Thanks for your input!


----------



## Kat (Jul 12, 2011)

Ruby is finally fully transitioned to liver. I feed it 4 times a week, and will soon be doing that with kidney as well.


----------



## Donna Little (May 31, 2011)

Organs are the only thing that's been a problem for my guys so it's been a slow go. Tomorrow will be a year since they've been on raw and we're just now to the point that they can have a TINY piece about 3 times a week. I just make sure it's with a bony meal. I don't know that I'll ever give it more often than that but I can hopefully up the amount.


----------



## BearMurphy (Feb 29, 2012)

i freeze it in smaller portions (about the 5% needed per organ per week) and then I take 2 bags out each week and put pieces in his food everyday. i haven't been able to feed organ only meals but I have heard of some people who can. i am at the point where the small portions don't cause problems so i'll probably try to empty the bags faster


----------



## magicre (Apr 7, 2010)

i give one of three organs daily, but my dogs are smaller, so frozen pieces of organ are a treat for them, after exercising or a walk.

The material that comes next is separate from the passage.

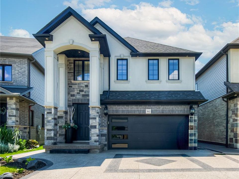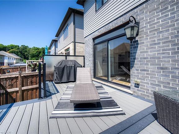 MODERN FAMILY LIVING STEPS TO THE 401. Nestled in one of Kitchener's most sought-after communities, this beautifully upgraded 4-bedroom, 3-bathroom home offers over 2,500 sq ft of thoughtful living space designed with today’s families in mind. Located just 3 minutes to the 401 and close to parks, top-rated schools, trails, and every convenience imaginable. From the moment you arrive, you’ll be impressed by the home’s modern curb appeal, oversized concrete driveway, and double-car garage. Step inside to an inviting open-concept main floor, freshly renovated in 2024, where sleek finishes and timeless design flow seamlessly. The heart of the home is the chef-inspired kitchen, boasting white shaker cabinetry with contrasting black hardware, quartz countertops, a walk-in pantry, and an oversized island perfect for hosting or daily family life. The living room offers a cozy retreat, highlighted by a stunning stone fireplace with rustic wood mantle, wide plank hardwood floors, and expansive windows that fill the space with natural light. Walk out to the private upper deck, ideal for morning coffee, evening entertaining, or relaxing in the sunshine. Upstairs, you’ll find all 4 bedrooms along with an additional upper family room—a flexible space perfect as a media room, kids' play area, or quiet reading nook. The primary suite is a true retreat featuring a large walk-in closet and a spa-like ensuite with dual sinks, soaker tub, and a glass-enclosed tiled shower. A second shared full bathroom with double vanity completes the upper level. The unspoiled basement offers endless possibilities to finish to your taste—whether that’s a home gym, office, or additional living space. This home has it all — modern finishes, an incredible layout, and an unbeatable location just steps to beautiful trails, perfect for walking, biking, or exploring nature.

donna,your dogs are so small, they shouldn't get more than a sliver at a time.

organs are fat solubles. i would err on the side of caution....

but if you feed less often, you feed more at one sitting. i would rather not do that since they can cause loose stools and then i would be feeding more bone, maybe more bone than they need...if that makes sense


----------



## Lynn In Tenn (Aug 20, 2009)

I usually throw a small pieced of chicken,deer, or beef liver in with their evening meal. When I say small, maybe half of a large chicken liver per dog. If it's deer, maybe a 1inch square piece.


----------



## xellil (Apr 4, 2011)

Rebel gets his 10% every day. Snorkels gets more, somewhere between 20-30% every day.


----------



## ciaBrysh (Dec 16, 2011)

Right now I'm feeding four days of organ, two days liver, two days kidney (still transitioning the kidney with teeny pieces) the other three days are all boneless and soon I will be incorporating more boneless with the liver meals


----------



## Sprocket (Oct 4, 2011)

I have started feeding organs twice a month.

Sprocket gets them 7 on, 7 off.


----------



## wolfsnaps88 (Jan 2, 2012)

Wow, such differences....


----------



## sozzle (May 18, 2011)

I feed mainly liver, sometimes kidney once a week on Wednesdays, that's also the day I give sardines to my dog. (that's just so I've got some sort of system in my head)

OR

I feed Wednesdays and Sundays but only if I remember.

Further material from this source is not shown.